Whole Cabbage Kraut
Go on, buy the whole cabbage and make enough sauerkraut to ensure your gut is well cared for this lockdown. Seriously, making a whole cabbage kraut is easy and economical. Use the thicker outer leaves and get a beautiful bright green kraut. Slice the core thinly and throw it in. There shouldn't be a scrap of cabbage left. This is the self care project - a healthy gut supports a healthy mind.
1 whole cabbage (usually about 2-4 kilos)
2 tsp of salt, per kilo of cabbage
2 teaspoons spices per kilo of cabbage, such as:
- juniper berries
- caraway seeds
- mustard seeds
- celery seeds
- dill seed or dry dill tips
- whole black pepper corn
Wash the whole head of cabbage. Remove any leaves that are slimy.
Divide the cabbage into manageable pieces. Slice each piece, including the other leaves and core, finely.
Put into a large bowl and add salt and spices.
Now to break down the cabbage. Do this either with your hands, by squeezing the cabbage or pounding using a weighted instrument. This might take up to 5 minutes or more. Break down the cabbage until it is very wet.
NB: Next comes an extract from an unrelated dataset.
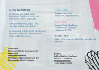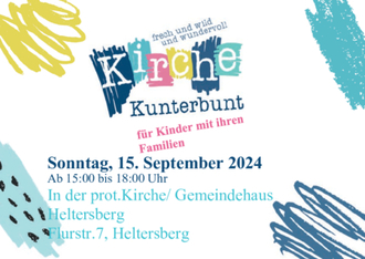 | 15:00 Uhr | Kirche Kunterbunt in Heltersberg (Pfarrer Dr. Ulrich Hofeditz, Gemeindediakonin Gabi Rathke u. Team) |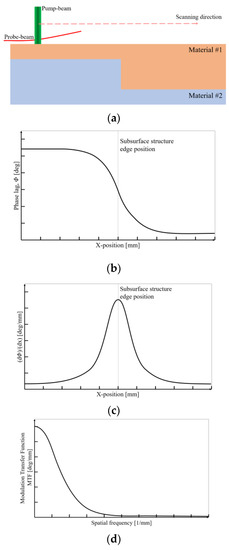 The second method (Method B), which utilizes the LSF, can be implemented in a relatively simple manner [21]. On the assumption that there are infinite specimens with the internal structure shown in Figure 3a in the x- and y-directions, 1-D scanning on the specimen surface using the photothermal imaging method will produce the phase delay change results shown in Figure 3b. The sigmoidal phase difference signal derived near the boundary shown in this figure is called the edge response function (ERF). As the ERF is differentiated, the LSF as in Figure 3c can be obtained.

Take a fist full of cabbage and if juice runs out when you squeeze you know it is ready.
Pack cabbage tightly into clean glass jar that has at 3 litre capacity or a few smaller jars. Press the cabbage down so liquid rises above the produce and air bubbles are released. Seal with lid or airlock.
Place your jar in a cool dry place for at least 2 -7 days. This is the period of fermentation. In this time, you will notice your sauerkraut will bubble and some juice may escape. Simply open lid, wipe jar down and push down any cabbage that rises up under the liquid, then replace lid, . After 2 days, try your sauerkraut. If you are happy with the flavour place sauerkraut in the refrigerator. Sauerkraut may be eaten immediately but will improve with time (we suggest a week).
* If you do not have enough liquid to sufficiently cover cabbage you can top up with water.